Her primary areas of study are Tephra, Geochemistry, Volcano, Paleontology and Volcanic ash. Her study focuses on the intersection of Tephra and fields such as Ice core with connections in the field of Quaternary. Her research investigates the link between Volcano and topics such as Sedimentary rock that cross with problems in Macrofossil and Outcrop.
Her research on Paleontology often connects related topics like Archaeology. Her Volcanic ash research incorporates themes from Natural hazard, Upper Paleolithic and Neanderthal, Anatomically modern human. Her research in Magma intersects with topics in Rhyolite and Silicic.

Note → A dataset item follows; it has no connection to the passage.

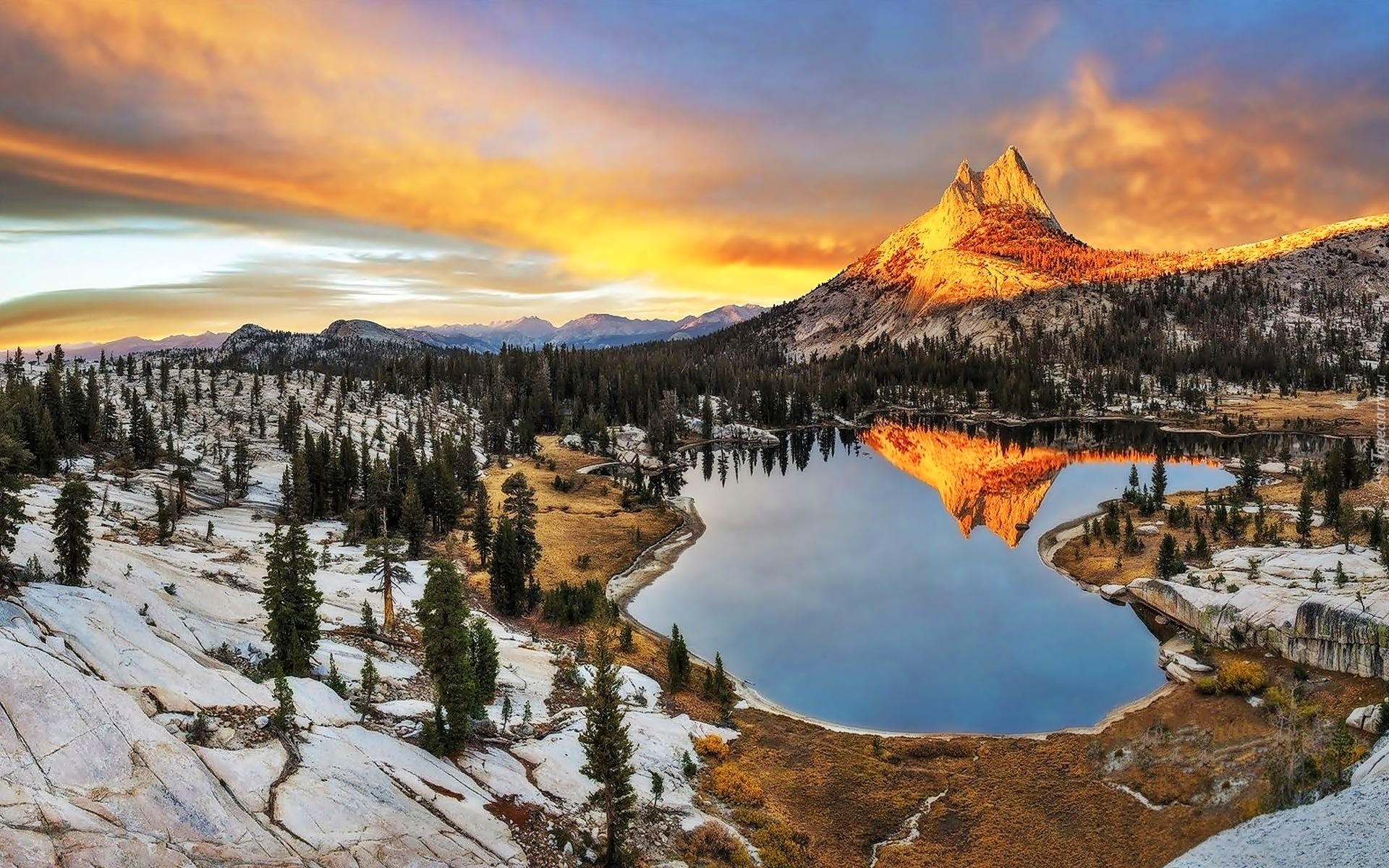 Edytor tapety: Stany Zjednoczone, Stan Kalifornia, Park Narodowy Yosemite, Góry, Lasy, Chmury, Jezioro

Victoria C. Smith mainly focuses on Tephra, Geochemistry, Volcano, Paleontology and Magma. The Tephra study which covers Volcanic ash that intersects with Dense-rock equivalent and Peléan eruption. Her study in Geochemistry concentrates on Caldera, Rhyolite, Pyroclastic rock, Mafic and Phenocryst.
Her work in the fields of Volcano, such as Explosive eruption, intersects with other areas such as Stratigraphy. Her study in the field of Chronology, Pleistocene and Marine isotope stage also crosses realms of Varve. Within one scientific family, she focuses on topics pertaining to Igneous rock under Magma, and may sometimes address concerns connected to Lava dome.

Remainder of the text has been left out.